» **MATERIAL TO PROCESS**
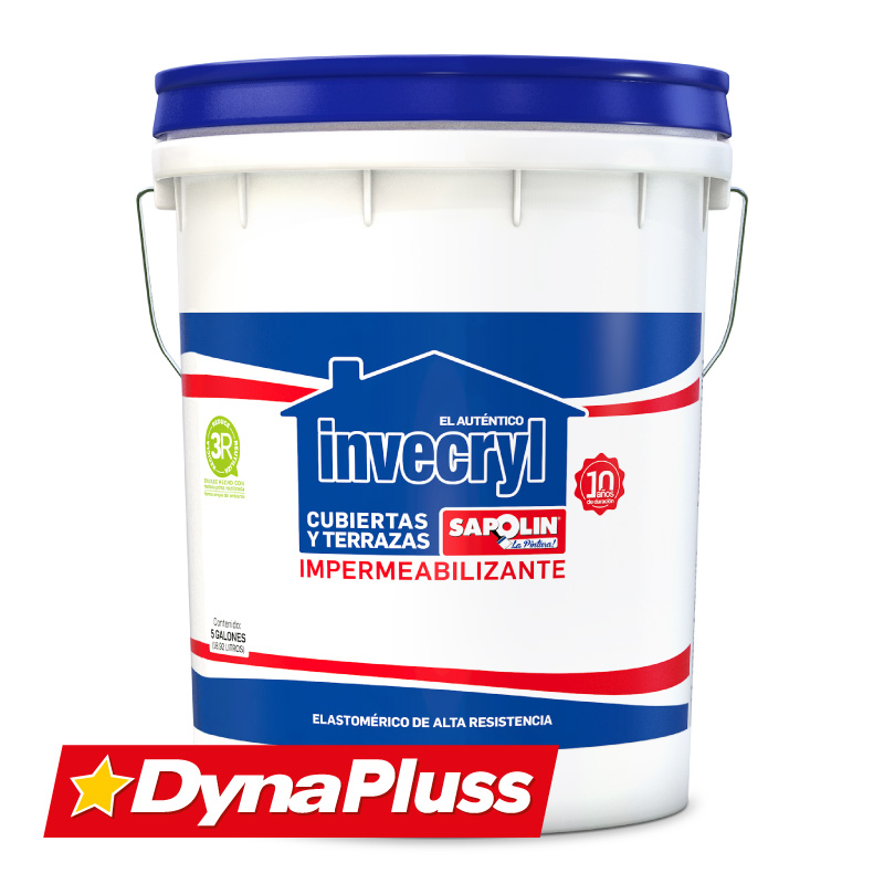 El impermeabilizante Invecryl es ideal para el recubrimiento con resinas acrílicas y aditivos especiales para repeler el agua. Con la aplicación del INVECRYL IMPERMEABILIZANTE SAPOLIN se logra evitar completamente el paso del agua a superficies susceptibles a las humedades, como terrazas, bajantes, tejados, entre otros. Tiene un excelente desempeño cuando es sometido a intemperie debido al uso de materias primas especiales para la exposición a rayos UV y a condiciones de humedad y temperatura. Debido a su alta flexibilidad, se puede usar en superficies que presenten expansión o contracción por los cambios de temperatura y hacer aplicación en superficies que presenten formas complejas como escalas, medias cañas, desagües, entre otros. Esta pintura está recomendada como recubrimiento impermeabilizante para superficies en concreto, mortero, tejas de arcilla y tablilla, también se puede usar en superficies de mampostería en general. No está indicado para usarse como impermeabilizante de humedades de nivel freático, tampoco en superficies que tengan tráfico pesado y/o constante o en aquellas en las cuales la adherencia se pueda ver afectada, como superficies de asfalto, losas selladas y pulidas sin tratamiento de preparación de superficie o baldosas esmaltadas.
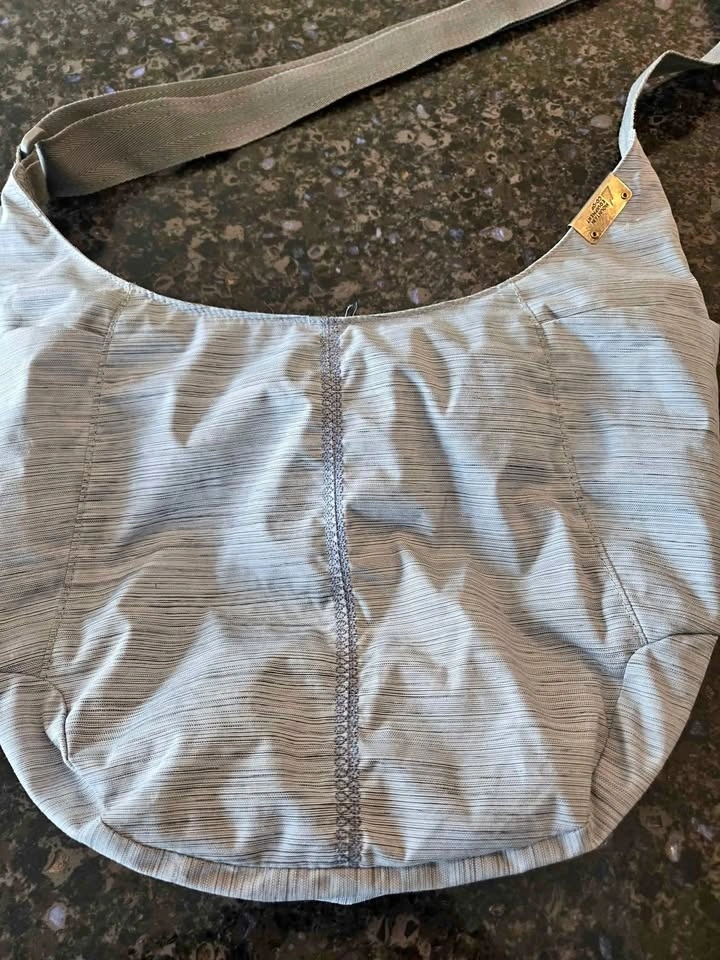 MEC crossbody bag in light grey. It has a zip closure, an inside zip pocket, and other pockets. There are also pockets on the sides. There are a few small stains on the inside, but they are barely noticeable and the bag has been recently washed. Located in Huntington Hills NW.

* * *

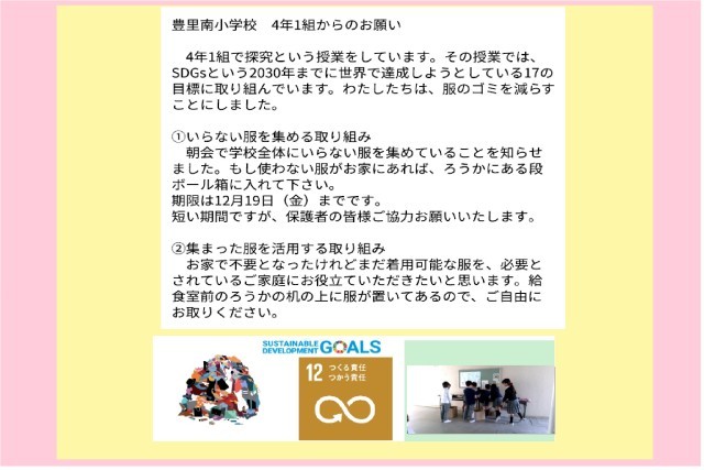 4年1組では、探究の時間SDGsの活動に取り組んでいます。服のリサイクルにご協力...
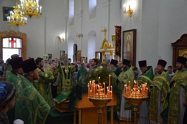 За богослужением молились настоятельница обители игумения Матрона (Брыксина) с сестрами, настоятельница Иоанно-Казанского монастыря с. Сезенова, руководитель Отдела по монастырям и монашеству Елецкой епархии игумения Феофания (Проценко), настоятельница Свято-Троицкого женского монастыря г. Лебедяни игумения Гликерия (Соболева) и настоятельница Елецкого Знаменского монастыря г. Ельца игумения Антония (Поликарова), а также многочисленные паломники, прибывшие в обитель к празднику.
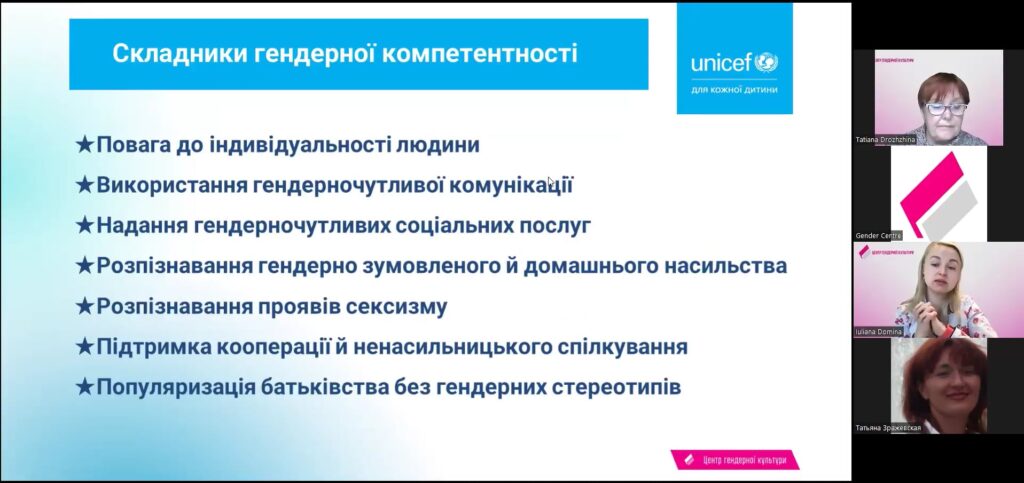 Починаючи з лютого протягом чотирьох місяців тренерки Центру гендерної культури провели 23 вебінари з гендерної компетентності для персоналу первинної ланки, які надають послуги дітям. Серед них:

* * *

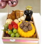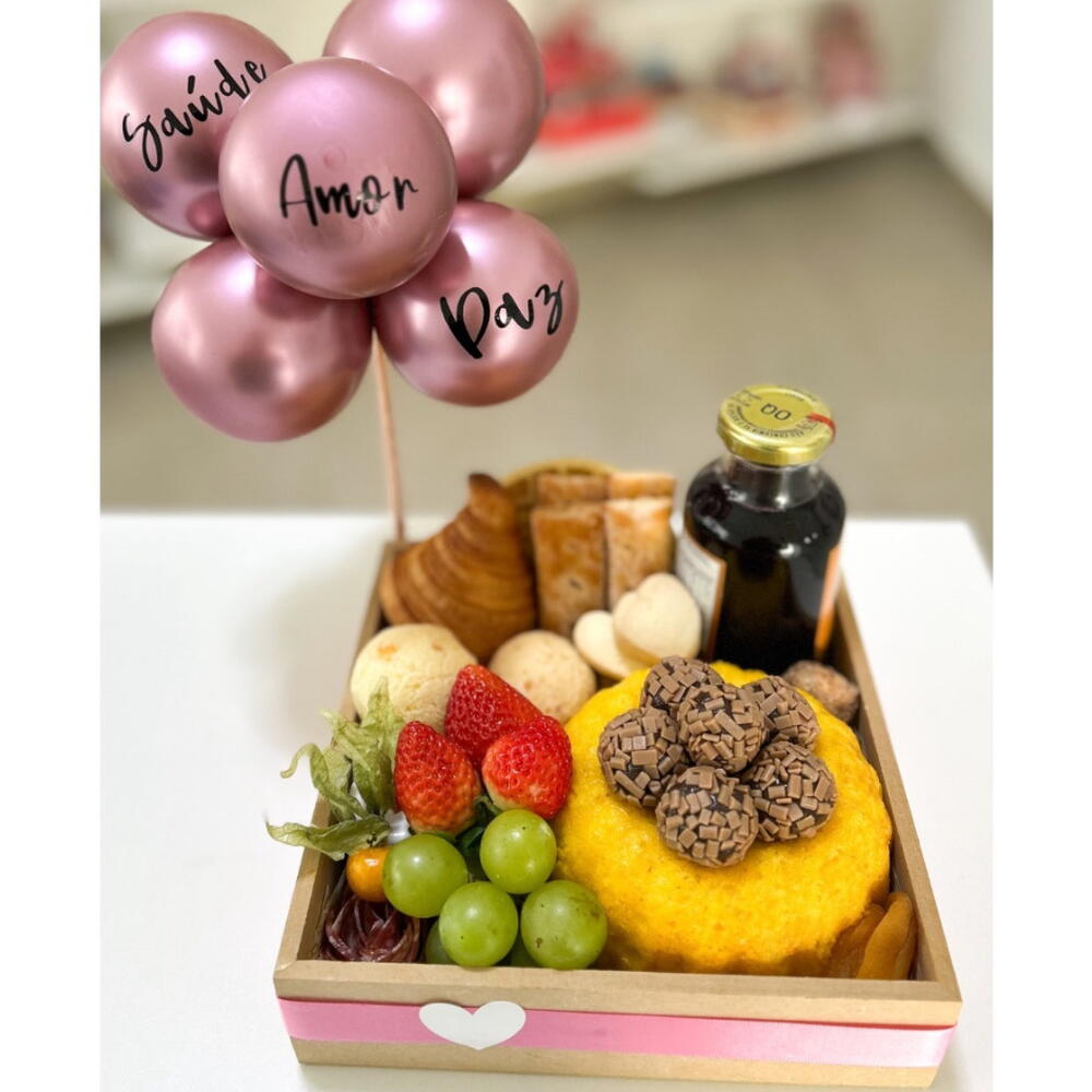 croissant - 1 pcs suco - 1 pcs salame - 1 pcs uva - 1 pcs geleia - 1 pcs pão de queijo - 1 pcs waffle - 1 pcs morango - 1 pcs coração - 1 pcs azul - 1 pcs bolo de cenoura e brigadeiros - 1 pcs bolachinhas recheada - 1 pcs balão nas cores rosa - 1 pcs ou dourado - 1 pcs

» **WORK ITEM**
From the material above, output only the span of lines that starts at the one containing "За богослужением молились" and finishes at the one containing "Починаючи з лютого", word for word and free of pictures.

» **RESULT FOR THIS TASK**
 За богослужением молились настоятельница обители игумения Матрона (Брыксина) с сестрами, настоятельница Иоанно-Казанского монастыря с. Сезенова, руководитель Отдела по монастырям и монашеству Елецкой епархии игумения Феофания (Проценко), настоятельница Свято-Троицкого женского монастыря г. Лебедяни игумения Гликерия (Соболева) и настоятельница Елецкого Знаменского монастыря г. Ельца игумения Антония (Поликарова), а также многочисленные паломники, прибывшие в обитель к празднику.
 Починаючи з лютого протягом чотирьох місяців тренерки Центру гендерної культури провели 23 вебінари з гендерної компетентності для персоналу первинної ланки, які надають послуги дітям. Серед них:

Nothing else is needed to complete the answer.